Charting Performance

I wasn’t going to blog about performance until a later post, but there was a performance issue I wanted to tackle before discussing some other things.

The frame rate sometimes seemed to be as expected, but sometimes slow, and the application was quite unresponsive when handling the Stop button command.

To help nail this down I created a Buffer Frame Rate performance counter, so that I monitor it along with another couple of metrics (I chose to see the count of gen1 and gen2 garbage collections, along with the % time in GC, and % processor time).

image

The framerate average isn’t bad, but the frame rate is not consistent; it regularly drops below 10 frames per second. This post will discuss optimising the performance of the application to keep the frame rate steady and ensure that the app is responsive.

Performance increases should generally focus on reducing unnecessary work in the whole application, and not micro-optimisations. In this case, it’s realising that the top chart is drawing at 40 frames per second (a buffer of 1000 data points into a 40KHz source), whereas the bottom chart is updating at 400 frames per second (sampling the data to 100 points, and updating the chart on each of those sample points).

However, as there are other types of charts I want to produce it’s worth investigating where the time is spent.

First off, I tried turning off anti-aliasing, and moving over to the d3future project (http://d3future.codeplex.com ), to see if that made any performance difference, but the performance was pretty similar, with the CPU pegged at 100%. A further run generated this interesting trace:

image

The frame count starts initially high, but after a while performance drops off dramatically, which is followed by some long spikes in the % Time in GC. The drop-off maybe seems to correspond with one of the gen 2 collections. This situation wasn’t so reproducible that I could catch it under a profiler.

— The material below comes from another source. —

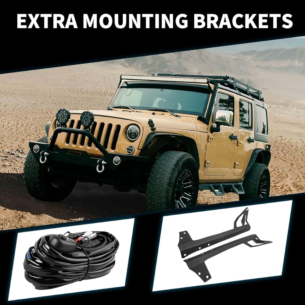 Oedro LED Light Bar Tri-Row 52 Inch 758W Combo Off Road Lights Driving Fog Light Work Lamp + أعلى سقف من الزجاج الأمامي المتوافق مع 2007-2018 JEEP JK WRANGLER + WIRINCES

My next step was to profile to see where the application was spending its time, just using the Visual Studio profiler. The application’s hot path was in the D3 LineChart’s UpdateCore method, where it was updating the chart’s Bounds using data from the EnumerableDataSource –it was iterating over the whole collection to find the x and y min and max values (to fit the chart to the data area).

It seems unnecessary to iterate over the whole data source to get the minimum and maximum x values – for a linear chart (i.e. not a scatter chart) it would be expected that the first point is at the minimum x value and the last point the maximum.

I created a chart derived from LineChart where I could instead pass in a List of points for the datasource – this means that I could get the last point without enumerating the whole collection, allowing the min and max x values to be quickly found. For the y values, I happen to want the chart to be a fixed axis and not scale to fit the data (instead scaled by a user-configurable gain factor), so there was no need at all to iterate over the collection.

The chart looked like this after those changes:

image

The frame rate is pretty consistent now. The gen 1 allocations are still occurring at a rate of 200 per minute, but the application is now responsive to the stop click, stopping immediately.

Profiling with memory allocations turned on showed that the types with most instances was System.Byte[] with 32% of the instances allocated in the profiling period.

ConvertByteArrayToFloatArray() previously looked like this:

image

And after changing this to not use LINQ:

image

Gives the following:

image

Performance is pretty similar to previous, but the gen 1 collections are occurring at a slightly lower rate. Now, profiling tells me that the types with most instances allocated is pretty much split between System.Action, System.Object, and System.Reactive.Disposables.SingleAssignmentDisposable.

Profiling at this point identifies the majority of the work now being in LineGraph.UpdateCore() where its transforming all points from their data coordinates into screen coordinates.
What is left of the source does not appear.